## What is expected
Could you transcribe each entry below exactly, minus the images?

## Stored items from a collection
○ ○ ○ ○ ○ ○ ○

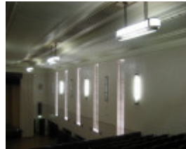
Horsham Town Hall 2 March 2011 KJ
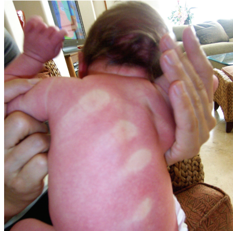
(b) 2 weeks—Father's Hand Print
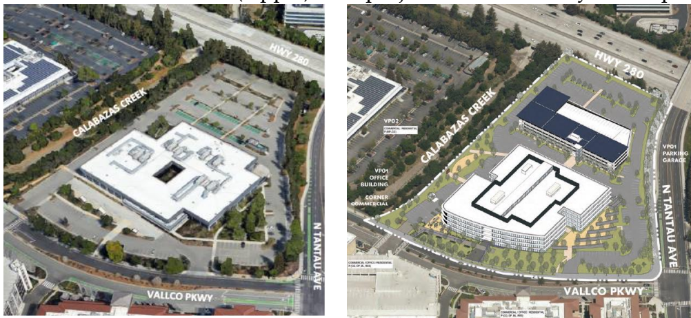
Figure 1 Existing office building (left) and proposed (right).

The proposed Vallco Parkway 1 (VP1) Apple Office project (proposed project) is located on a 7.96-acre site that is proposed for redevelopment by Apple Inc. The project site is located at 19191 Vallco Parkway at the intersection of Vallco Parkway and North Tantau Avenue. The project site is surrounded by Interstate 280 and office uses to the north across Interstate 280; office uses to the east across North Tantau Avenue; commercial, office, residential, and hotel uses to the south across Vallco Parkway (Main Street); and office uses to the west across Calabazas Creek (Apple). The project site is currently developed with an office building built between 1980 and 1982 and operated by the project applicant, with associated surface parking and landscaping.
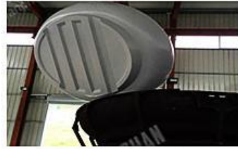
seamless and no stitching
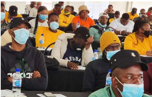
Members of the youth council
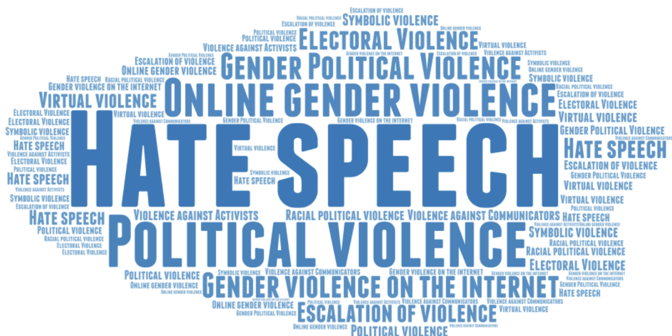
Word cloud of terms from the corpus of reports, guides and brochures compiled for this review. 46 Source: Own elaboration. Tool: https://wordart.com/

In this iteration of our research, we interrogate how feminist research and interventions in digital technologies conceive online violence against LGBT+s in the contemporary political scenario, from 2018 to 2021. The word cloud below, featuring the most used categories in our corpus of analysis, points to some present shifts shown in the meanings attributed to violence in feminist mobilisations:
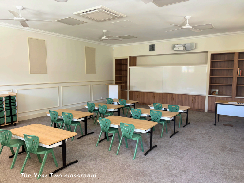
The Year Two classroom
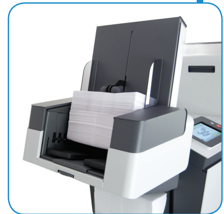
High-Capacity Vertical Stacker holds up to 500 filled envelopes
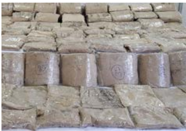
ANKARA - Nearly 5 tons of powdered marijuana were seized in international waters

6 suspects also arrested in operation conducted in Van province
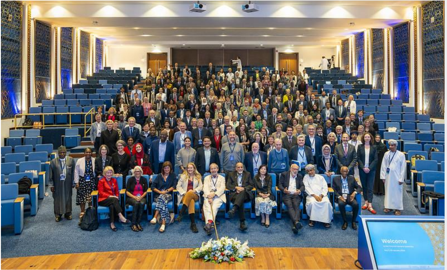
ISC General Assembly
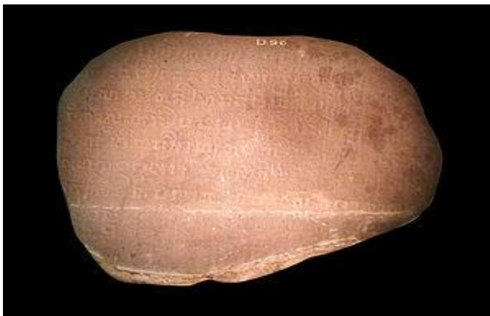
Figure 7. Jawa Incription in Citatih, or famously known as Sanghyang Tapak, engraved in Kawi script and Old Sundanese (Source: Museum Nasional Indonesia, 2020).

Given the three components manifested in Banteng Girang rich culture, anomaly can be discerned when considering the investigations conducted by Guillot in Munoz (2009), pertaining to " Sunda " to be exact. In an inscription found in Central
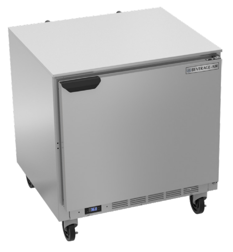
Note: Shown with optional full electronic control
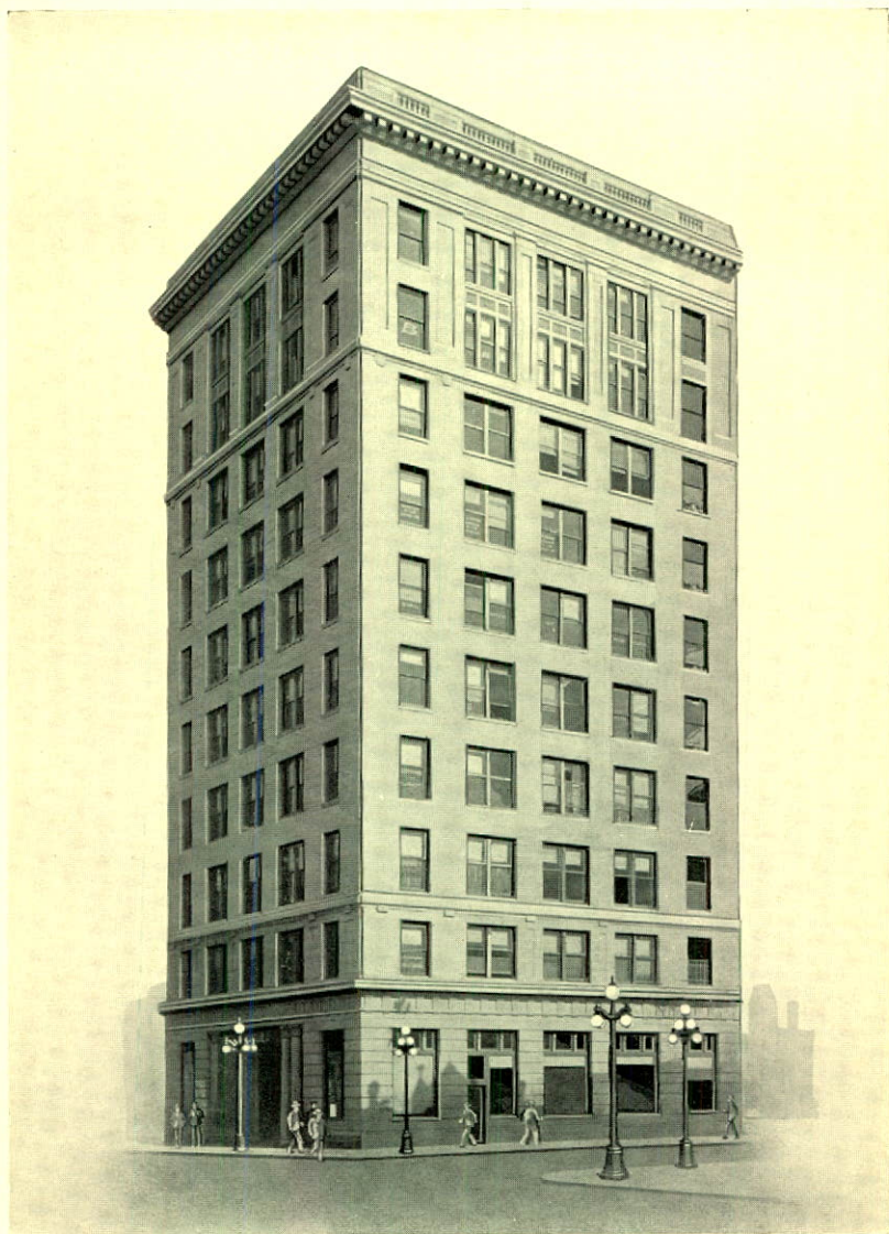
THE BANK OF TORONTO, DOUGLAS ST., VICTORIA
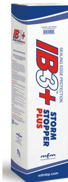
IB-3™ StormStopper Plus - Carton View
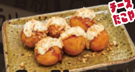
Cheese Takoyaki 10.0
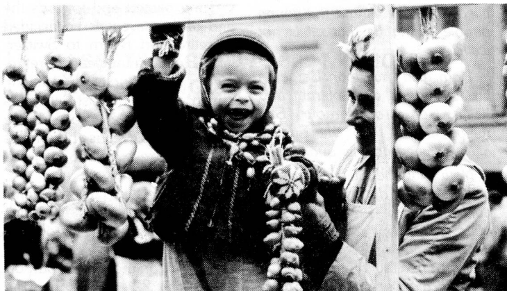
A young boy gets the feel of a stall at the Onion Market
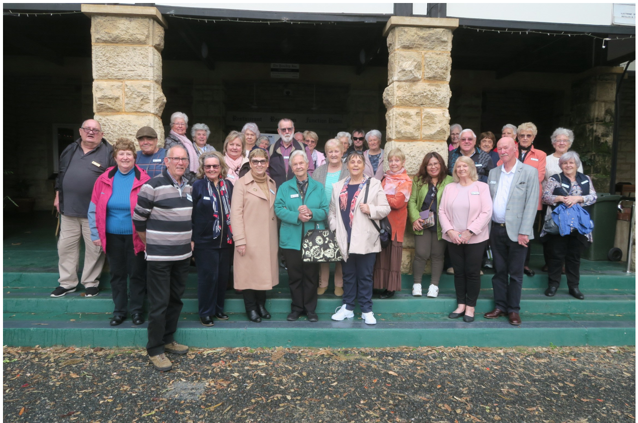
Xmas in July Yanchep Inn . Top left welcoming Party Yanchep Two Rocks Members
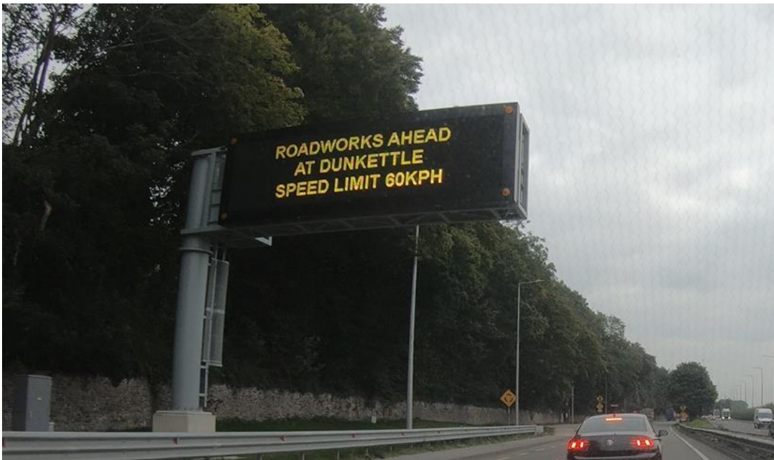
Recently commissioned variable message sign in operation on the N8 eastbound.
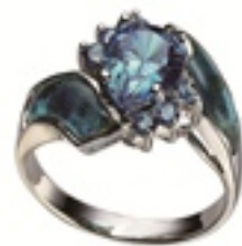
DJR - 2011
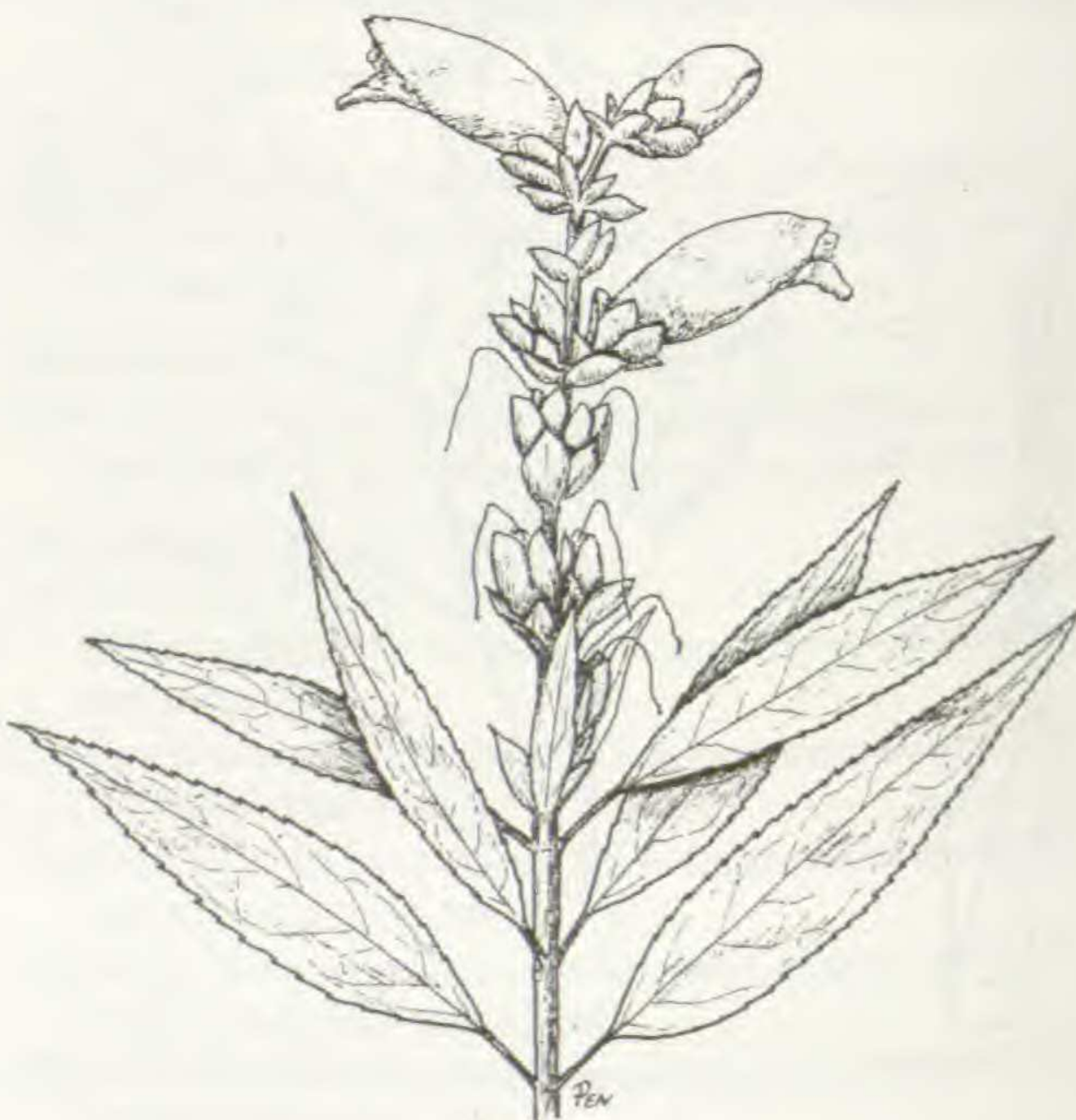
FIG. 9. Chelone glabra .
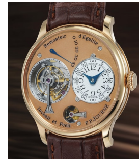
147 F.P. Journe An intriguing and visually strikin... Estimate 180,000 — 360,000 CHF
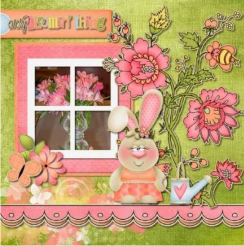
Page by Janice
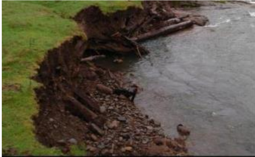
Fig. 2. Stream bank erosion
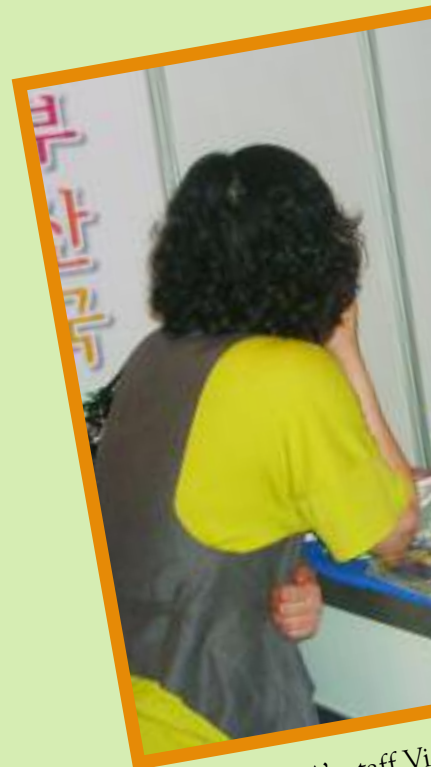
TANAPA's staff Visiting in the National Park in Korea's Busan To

○ ○ ○ ○ ○ ○ ○

## Answer space
Horsham Town Hall 2 March 2011 KJ
(b) 2 weeks—Father's Hand Print
Figure 1 Existing office building (left) and proposed (right).

The proposed Vallco Parkway 1 (VP1) Apple Office project (proposed project) is located on a 7.96-acre site that is proposed for redevelopment by Apple Inc. The project site is located at 19191 Vallco Parkway at the intersection of Vallco Parkway and North Tantau Avenue. The project site is surrounded by Interstate 280 and office uses to the north across Interstate 280; office uses to the east across North Tantau Avenue; commercial, office, residential, and hotel uses to the south across Vallco Parkway (Main Street); and office uses to the west across Calabazas Creek (Apple). The project site is currently developed with an office building built between 1980 and 1982 and operated by the project applicant, with associated surface parking and landscaping.
seamless and no stitching
Members of the youth council
Word cloud of terms from the corpus of reports, guides and brochures compiled for this review. 46 Source: Own elaboration. Tool: https://wordart.com/

In this iteration of our research, we interrogate how feminist research and interventions in digital technologies conceive online violence against LGBT+s in the contemporary political scenario, from 2018 to 2021. The word cloud below, featuring the most used categories in our corpus of analysis, points to some present shifts shown in the meanings attributed to violence in feminist mobilisations:
The Year Two classroom
High-Capacity Vertical Stacker holds up to 500 filled envelopes
ANKARA - Nearly 5 tons of powdered marijuana were seized in international waters

6 suspects also arrested in operation conducted in Van province
ISC General Assembly
Figure 7. Jawa Incription in Citatih, or famously known as Sanghyang Tapak, engraved in Kawi script and Old Sundanese (Source: Museum Nasional Indonesia, 2020).

Given the three components manifested in Banteng Girang rich culture, anomaly can be discerned when considering the investigations conducted by Guillot in Munoz (2009), pertaining to " Sunda " to be exact. In an inscription found in Central
Note: Shown with optional full electronic control
THE BANK OF TORONTO, DOUGLAS ST., VICTORIA
IB-3™ StormStopper Plus - Carton View
Cheese Takoyaki 10.0
A young boy gets the feel of a stall at the Onion Market
Xmas in July Yanchep Inn . Top left welcoming Party Yanchep Two Rocks Members
Recently commissioned variable message sign in operation on the N8 eastbound.
DJR - 2011
FIG. 9. Chelone glabra .
147 F.P. Journe An intriguing and visually strikin... Estimate 180,000 — 360,000 CHF
Page by Janice
Fig. 2. Stream bank erosion
TANAPA's staff Visiting in the National Park in Korea's Busan To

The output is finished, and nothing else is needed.